--- Description of the task ---
Which lines below hold the word "with"? Copy all of them.

Data shown below:

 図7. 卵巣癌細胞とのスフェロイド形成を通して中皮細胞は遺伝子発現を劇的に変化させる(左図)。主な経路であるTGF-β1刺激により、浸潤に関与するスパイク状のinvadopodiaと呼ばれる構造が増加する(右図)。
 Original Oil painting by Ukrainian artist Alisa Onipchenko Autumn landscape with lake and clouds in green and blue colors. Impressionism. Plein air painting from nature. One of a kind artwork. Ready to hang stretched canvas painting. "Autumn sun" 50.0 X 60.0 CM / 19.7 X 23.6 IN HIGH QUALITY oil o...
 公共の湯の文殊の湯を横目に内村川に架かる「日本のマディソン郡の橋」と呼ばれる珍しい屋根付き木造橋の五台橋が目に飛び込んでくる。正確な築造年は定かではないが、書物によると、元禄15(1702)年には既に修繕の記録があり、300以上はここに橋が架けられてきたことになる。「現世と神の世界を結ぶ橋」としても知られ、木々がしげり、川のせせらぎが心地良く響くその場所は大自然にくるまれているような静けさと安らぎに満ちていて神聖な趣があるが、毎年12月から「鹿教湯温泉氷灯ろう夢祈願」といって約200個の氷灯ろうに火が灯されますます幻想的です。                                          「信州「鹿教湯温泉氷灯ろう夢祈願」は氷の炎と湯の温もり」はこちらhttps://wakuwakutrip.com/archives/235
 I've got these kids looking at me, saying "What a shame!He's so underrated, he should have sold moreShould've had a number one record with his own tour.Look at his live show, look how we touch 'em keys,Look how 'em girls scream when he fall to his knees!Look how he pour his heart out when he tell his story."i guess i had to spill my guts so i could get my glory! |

End of Data shown.
Data shown below:

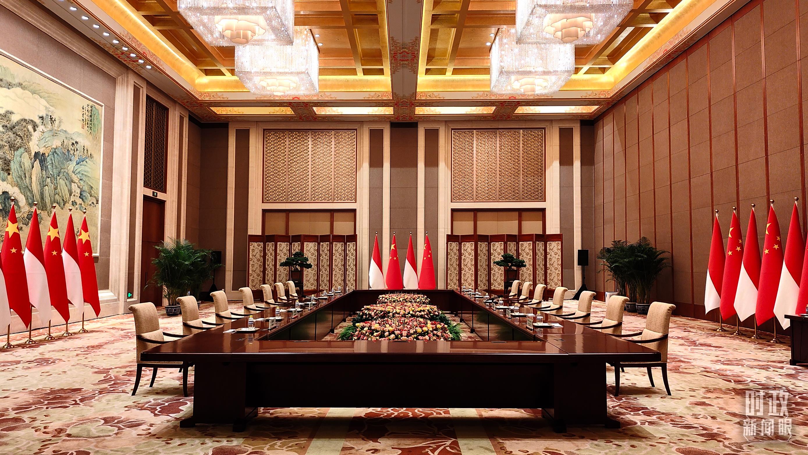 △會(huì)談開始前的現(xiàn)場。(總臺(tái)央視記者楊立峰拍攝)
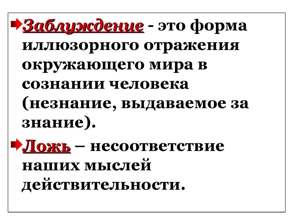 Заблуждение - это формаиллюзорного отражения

End of Data shown.

--- Written answer ---
 Original Oil painting by Ukrainian artist Alisa Onipchenko Autumn landscape with lake and clouds in green and blue colors. Impressionism. Plein air painting from nature. One of a kind artwork. Ready to hang stretched canvas painting. "Autumn sun" 50.0 X 60.0 CM / 19.7 X 23.6 IN HIGH QUALITY oil o...
 I've got these kids looking at me, saying "What a shame!He's so underrated, he should have sold moreShould've had a number one record with his own tour.Look at his live show, look how we touch 'em keys,Look how 'em girls scream when he fall to his knees!Look how he pour his heart out when he tell his story."i guess i had to spill my guts so i could get my glory! |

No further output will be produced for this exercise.